I have a series $\sum c_n$ that converges, and $c_n>0$. Then $(x_n)$ is a sequence in $(0,1)$. Let $f(x)=\sum\limits_{n=1}^\infty c_nf_n(x)$ where
$$f_n(x) = \begin{cases} 1 & : x \geq x_n\\ 0 & : x < x_n \end{cases} $$
I've shown that $\sum\limits_{n=1}^\infty c_nf_n(x)$ indeed converges uniformly on $(0,1)$, and I've shown that $f$ is continuous for each $x\neq x_n$. Now I need to prove that $f$ is increasing on $(0,1)$, and that it's discontinuous for all $x=x_n$.
My idea for showing $f$ is increasing is to let $a<b$, then $f(b)-f(a)=\sum\limits_{n=1}^\infty c_n(f_n(b)-f_n(a))$. Then $f_n(b)-f_n(a)$ is either $1$ or $0$, and since $c_n>0$, $f(b)-f(a)\geq 0$. Is this right?
Then, how can I conclude that $f$ is not continuous when $x=x_n$?
Note that $$ f = \sum\limits_{n=1}^\infty c_n \chi_{[x_n,\infty)}, $$ basically a staircase function which is zero to the left of $0$, and jumps by $c_n$ at every $x_n$, and eventually stabilizes at the value $\sum c_n$ to the right of $0$.
Written this way, it should be clear that the larger $x$ is, the more strictly positive terms will be included in the sum defining $f(x)$.
Now let us show that $f$ is discontinuous at $x = x_n$. For this it is enough to show that it is not left-continuous. What will happen if you take a sequence $y_j$ such that $y_j<x$ for all $j$, and $y_j \rightarrow x$? Well, $f(y_j)$ will be missing that "$c_n$" term since $\chi_{[x_n,\infty)}(y_j) = 0 $ for all $j$. This means that $f(y_j)$ will always differ from $f(x)$ by at least $c_n >0$.

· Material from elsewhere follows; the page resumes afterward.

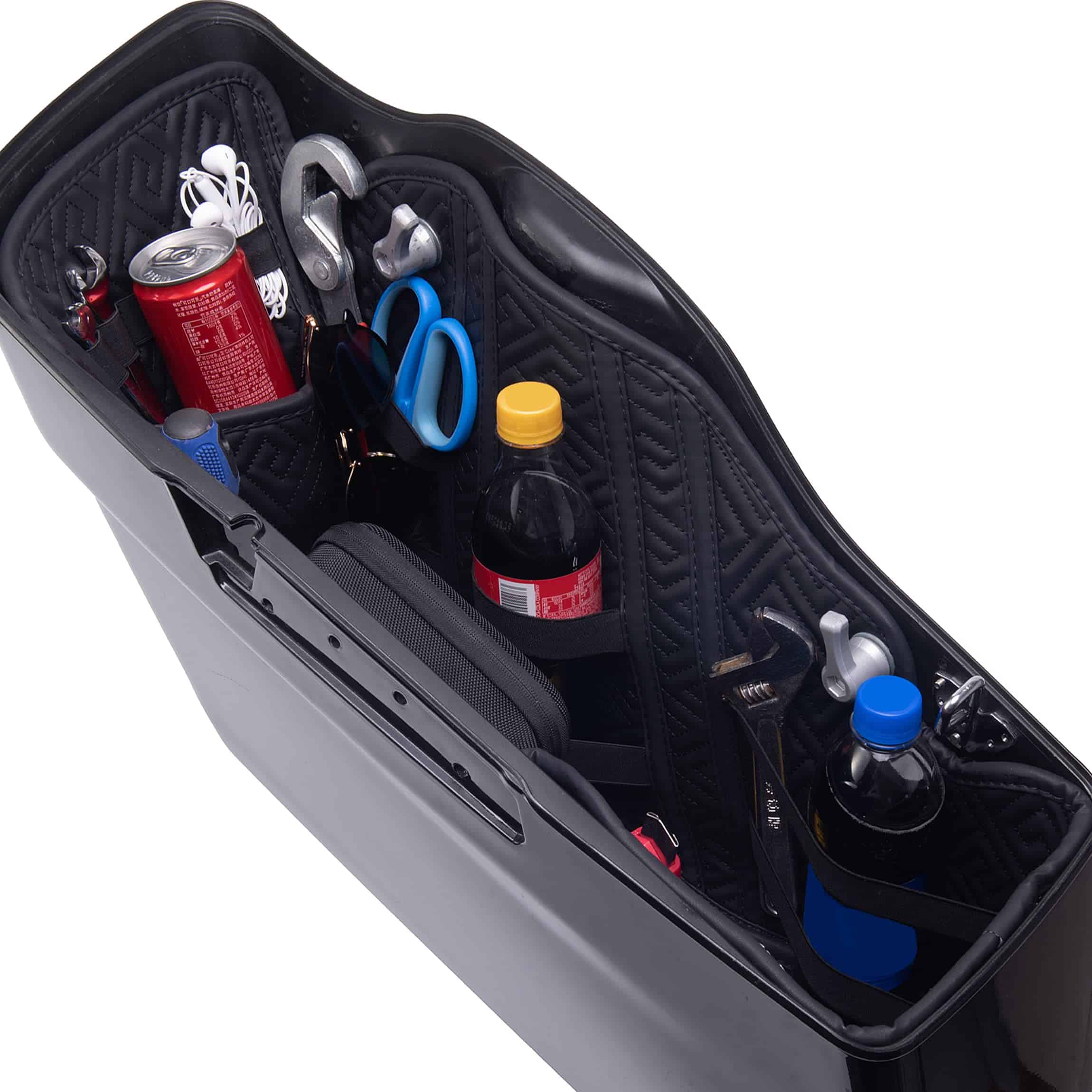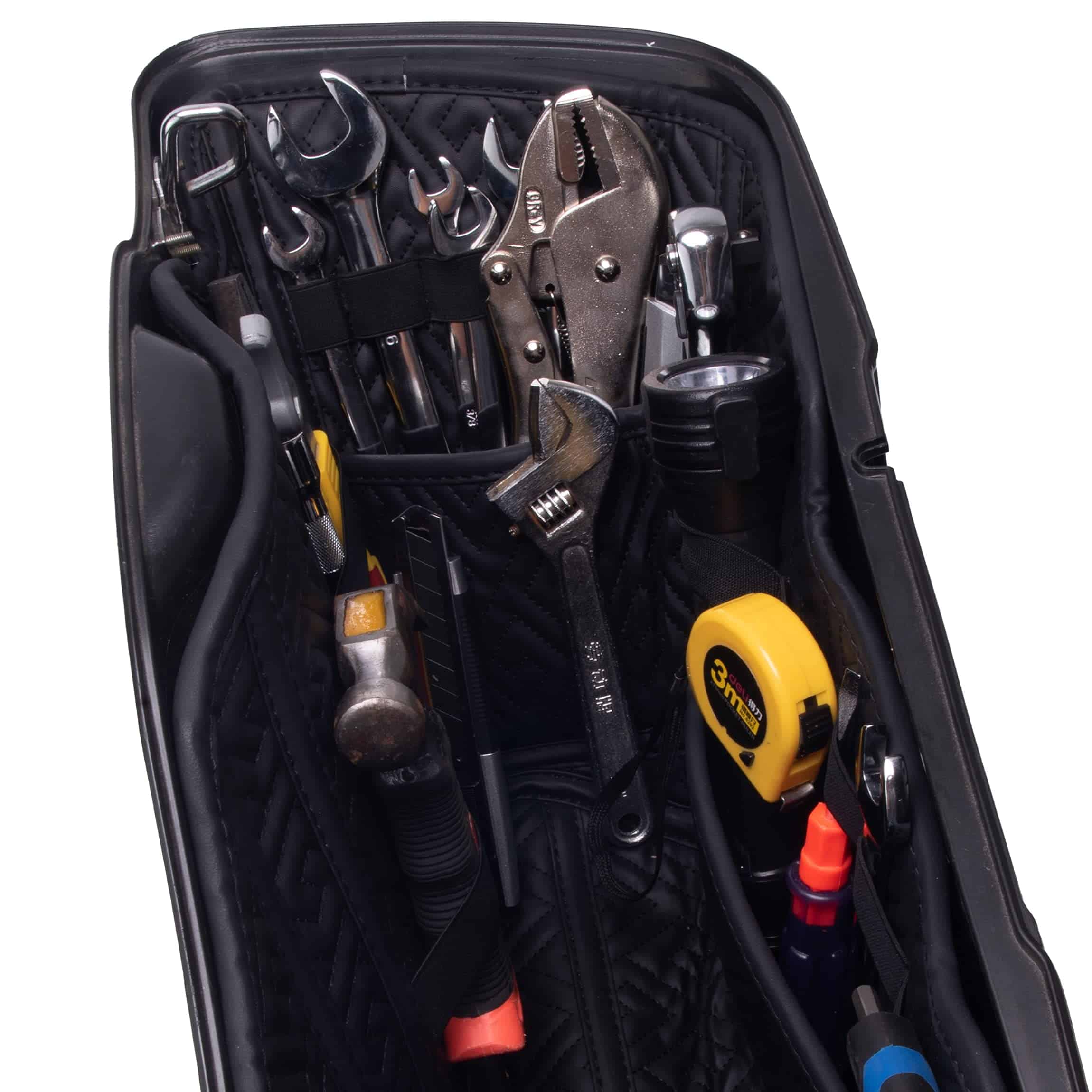Organizador de forro de alforjas Harley 2 en 1. Los forros de bolsas Harley están construidos con cuero sintético de alta calidad y cuentan con bolsillos de almacenamiento para sostener sus herramientas personales. El diseño de una sola pieza permite una fácil extracción para limpieza y mantenimiento.
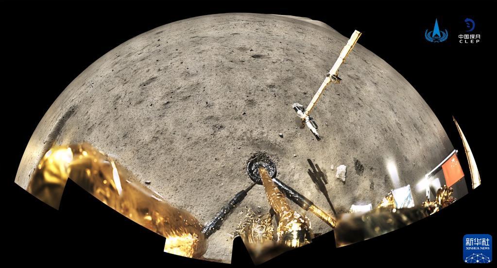 2020年12月4日,國家航天局公布了探月工程嫦娥五號探測器在月球表面國旗展示的照片。嫦娥五號著陸器和上升器組合體全景相機(jī)環(huán)拍成像,五星紅旗在月面成功展開,此外圖像上方可見已完成表取采樣的機(jī)械臂及采樣器。新華社發(fā)(國家航天局供圖)

By the way, this can be used to show that there is a continuous monotonic function which is discontinuous precisely at the rationals. It is an interesting consequence of the Baire category theorem that there is no continuous function which is discontinuous precisely at the irrationals.